**WHAT YOU SHOULD DO**
Within the material below, locate the line with "金价亦一如上星期预期,在突破" and the line with "Najbližšie testovanie COVID-19", then return those two lines and all lines between them, exactly as written.

**DATASET RECORDS**
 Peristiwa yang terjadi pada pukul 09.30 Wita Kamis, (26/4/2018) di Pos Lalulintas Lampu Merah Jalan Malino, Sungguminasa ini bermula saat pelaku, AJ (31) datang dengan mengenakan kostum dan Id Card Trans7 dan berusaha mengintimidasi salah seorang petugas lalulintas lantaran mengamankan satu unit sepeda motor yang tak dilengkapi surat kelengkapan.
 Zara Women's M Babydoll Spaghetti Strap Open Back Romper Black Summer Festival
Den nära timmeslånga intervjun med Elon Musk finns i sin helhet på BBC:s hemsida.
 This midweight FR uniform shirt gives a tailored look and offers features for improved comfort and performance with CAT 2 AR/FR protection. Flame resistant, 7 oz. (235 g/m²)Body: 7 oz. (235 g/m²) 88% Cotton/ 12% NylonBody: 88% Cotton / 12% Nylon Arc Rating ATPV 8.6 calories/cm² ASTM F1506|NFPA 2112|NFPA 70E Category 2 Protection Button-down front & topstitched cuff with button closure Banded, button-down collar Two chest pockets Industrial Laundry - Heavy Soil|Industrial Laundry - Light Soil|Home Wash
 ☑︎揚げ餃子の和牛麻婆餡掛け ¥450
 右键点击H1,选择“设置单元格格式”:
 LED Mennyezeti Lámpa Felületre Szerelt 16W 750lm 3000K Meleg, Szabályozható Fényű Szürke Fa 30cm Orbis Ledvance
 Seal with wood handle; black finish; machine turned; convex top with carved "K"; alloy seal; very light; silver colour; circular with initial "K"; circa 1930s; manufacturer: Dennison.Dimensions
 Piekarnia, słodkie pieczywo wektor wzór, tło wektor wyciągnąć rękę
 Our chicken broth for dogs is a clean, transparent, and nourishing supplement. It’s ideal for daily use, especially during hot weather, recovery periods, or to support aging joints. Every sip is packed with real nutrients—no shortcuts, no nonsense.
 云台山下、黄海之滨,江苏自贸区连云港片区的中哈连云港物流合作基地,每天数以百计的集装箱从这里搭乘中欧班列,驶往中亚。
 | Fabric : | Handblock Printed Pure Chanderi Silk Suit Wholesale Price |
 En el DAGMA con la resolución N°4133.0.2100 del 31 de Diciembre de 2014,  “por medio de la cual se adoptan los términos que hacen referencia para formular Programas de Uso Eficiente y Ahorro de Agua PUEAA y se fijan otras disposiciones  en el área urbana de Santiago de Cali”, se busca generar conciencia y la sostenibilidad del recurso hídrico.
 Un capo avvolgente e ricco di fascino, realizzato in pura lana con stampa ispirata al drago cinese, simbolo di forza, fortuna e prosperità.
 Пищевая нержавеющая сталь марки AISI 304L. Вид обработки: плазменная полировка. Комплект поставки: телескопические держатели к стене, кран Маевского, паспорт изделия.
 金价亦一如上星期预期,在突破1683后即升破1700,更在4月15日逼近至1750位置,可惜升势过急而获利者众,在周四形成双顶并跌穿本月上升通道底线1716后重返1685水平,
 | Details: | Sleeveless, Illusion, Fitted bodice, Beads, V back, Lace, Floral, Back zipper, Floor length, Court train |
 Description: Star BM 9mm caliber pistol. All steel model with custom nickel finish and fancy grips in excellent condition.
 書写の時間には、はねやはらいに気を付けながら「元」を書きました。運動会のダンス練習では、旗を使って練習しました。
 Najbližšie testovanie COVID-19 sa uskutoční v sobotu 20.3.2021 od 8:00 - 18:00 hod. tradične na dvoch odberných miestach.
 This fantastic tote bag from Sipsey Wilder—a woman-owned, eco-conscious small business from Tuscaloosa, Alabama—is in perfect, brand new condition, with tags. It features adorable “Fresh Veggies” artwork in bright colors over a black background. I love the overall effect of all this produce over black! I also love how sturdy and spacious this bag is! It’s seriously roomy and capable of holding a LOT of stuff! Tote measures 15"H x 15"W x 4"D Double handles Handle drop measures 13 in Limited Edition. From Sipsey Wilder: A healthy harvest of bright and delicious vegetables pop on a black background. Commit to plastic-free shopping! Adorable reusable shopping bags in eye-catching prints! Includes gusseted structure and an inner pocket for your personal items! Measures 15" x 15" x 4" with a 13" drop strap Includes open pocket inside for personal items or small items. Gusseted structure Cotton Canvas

**YOUR SOLUTION**
 金价亦一如上星期预期,在突破1683后即升破1700,更在4月15日逼近至1750位置,可惜升势过急而获利者众,在周四形成双顶并跌穿本月上升通道底线1716后重返1685水平,
 | Details: | Sleeveless, Illusion, Fitted bodice, Beads, V back, Lace, Floral, Back zipper, Floor length, Court train |
 Description: Star BM 9mm caliber pistol. All steel model with custom nickel finish and fancy grips in excellent condition.
 書写の時間には、はねやはらいに気を付けながら「元」を書きました。運動会のダンス練習では、旗を使って練習しました。
 Najbližšie testovanie COVID-19 sa uskutoční v sobotu 20.3.2021 od 8:00 - 18:00 hod. tradične na dvoch odberných miestach.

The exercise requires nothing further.